**What you are asked to do:**
Write out the lines of the material below exactly, beginning at the line with "6. Слева при" and stopping after the line with "此次停车场扩建能满足更多停车", and leave out the pictures.

**Information given:**
□ □ □

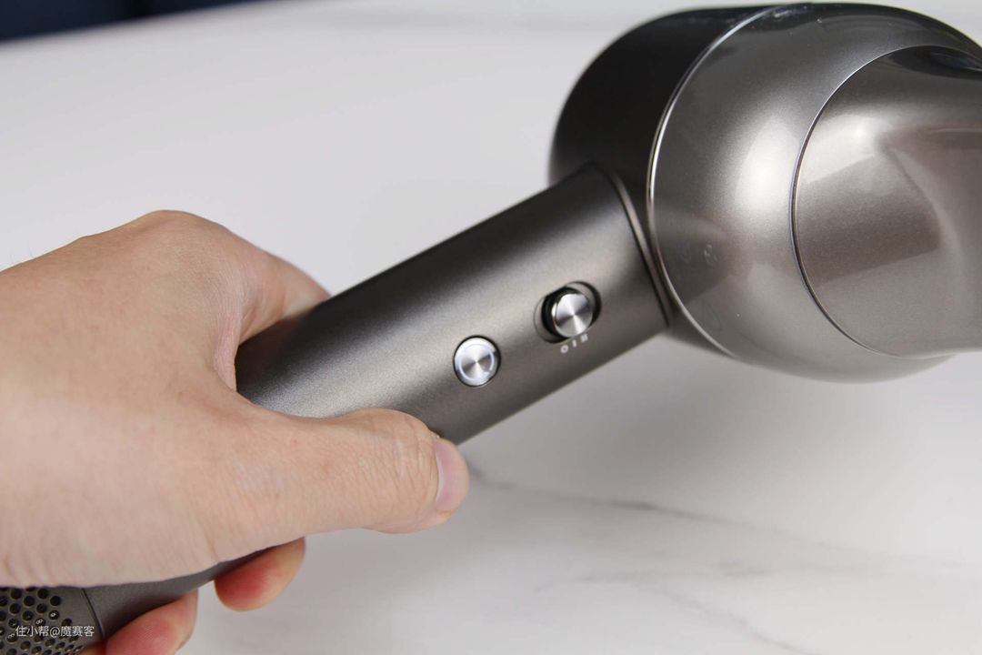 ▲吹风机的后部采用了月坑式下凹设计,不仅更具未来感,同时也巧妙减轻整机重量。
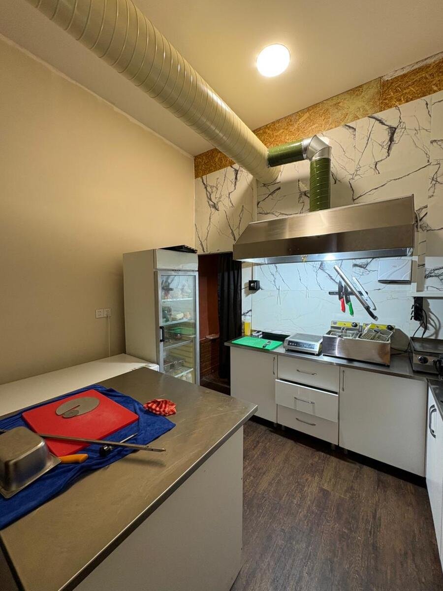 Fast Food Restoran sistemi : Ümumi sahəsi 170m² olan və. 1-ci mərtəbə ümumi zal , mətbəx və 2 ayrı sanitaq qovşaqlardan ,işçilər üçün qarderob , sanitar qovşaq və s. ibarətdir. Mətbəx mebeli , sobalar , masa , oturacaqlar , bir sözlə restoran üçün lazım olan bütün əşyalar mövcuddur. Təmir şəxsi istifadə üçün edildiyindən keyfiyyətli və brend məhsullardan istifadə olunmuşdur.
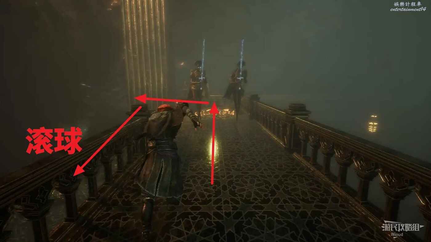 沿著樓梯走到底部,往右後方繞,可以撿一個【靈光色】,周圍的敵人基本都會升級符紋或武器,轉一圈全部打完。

□ □ □

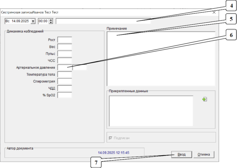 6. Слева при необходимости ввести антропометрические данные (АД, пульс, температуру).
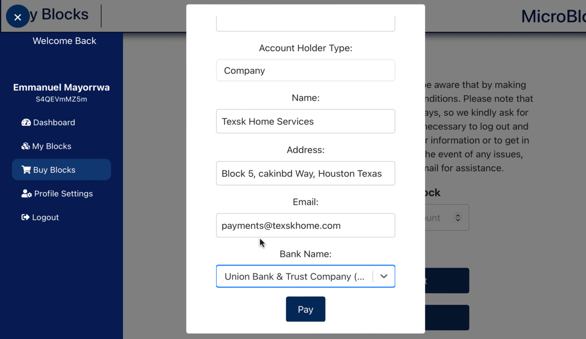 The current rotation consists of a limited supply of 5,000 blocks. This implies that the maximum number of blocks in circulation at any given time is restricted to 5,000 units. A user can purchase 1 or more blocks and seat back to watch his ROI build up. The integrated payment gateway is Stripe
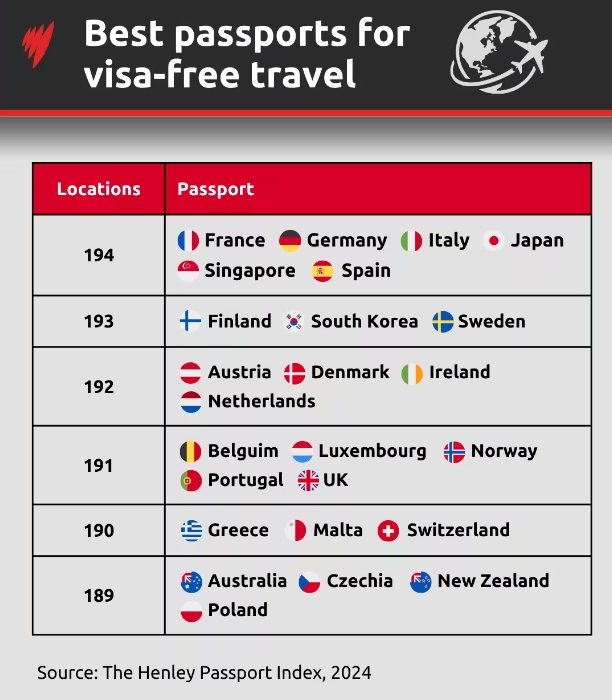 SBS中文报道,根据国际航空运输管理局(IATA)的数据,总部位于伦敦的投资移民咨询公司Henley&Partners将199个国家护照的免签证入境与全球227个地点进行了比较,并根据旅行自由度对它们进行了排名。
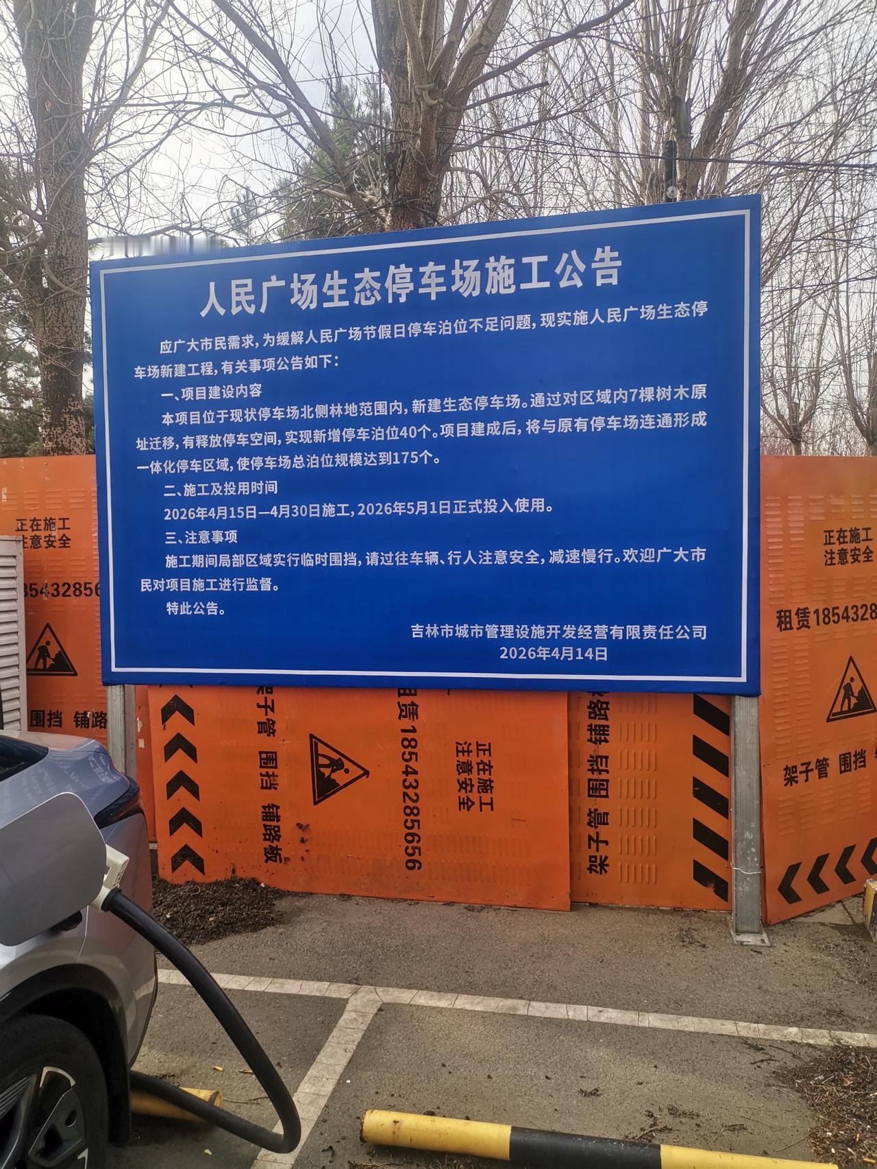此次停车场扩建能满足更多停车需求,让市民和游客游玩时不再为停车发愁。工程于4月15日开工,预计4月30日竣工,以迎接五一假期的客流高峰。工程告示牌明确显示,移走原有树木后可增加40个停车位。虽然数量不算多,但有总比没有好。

□ □ □

**Answer for this exercise:**
 6. Слева при необходимости ввести антропометрические данные (АД, пульс, температуру).
 The current rotation consists of a limited supply of 5,000 blocks. This implies that the maximum number of blocks in circulation at any given time is restricted to 5,000 units. A user can purchase 1 or more blocks and seat back to watch his ROI build up. The integrated payment gateway is Stripe
 SBS中文报道,根据国际航空运输管理局(IATA)的数据,总部位于伦敦的投资移民咨询公司Henley&Partners将199个国家护照的免签证入境与全球227个地点进行了比较,并根据旅行自由度对它们进行了排名。
此次停车场扩建能满足更多停车需求,让市民和游客游玩时不再为停车发愁。工程于4月15日开工,预计4月30日竣工,以迎接五一假期的客流高峰。工程告示牌明确显示,移走原有树木后可增加40个停车位。虽然数量不算多,但有总比没有好。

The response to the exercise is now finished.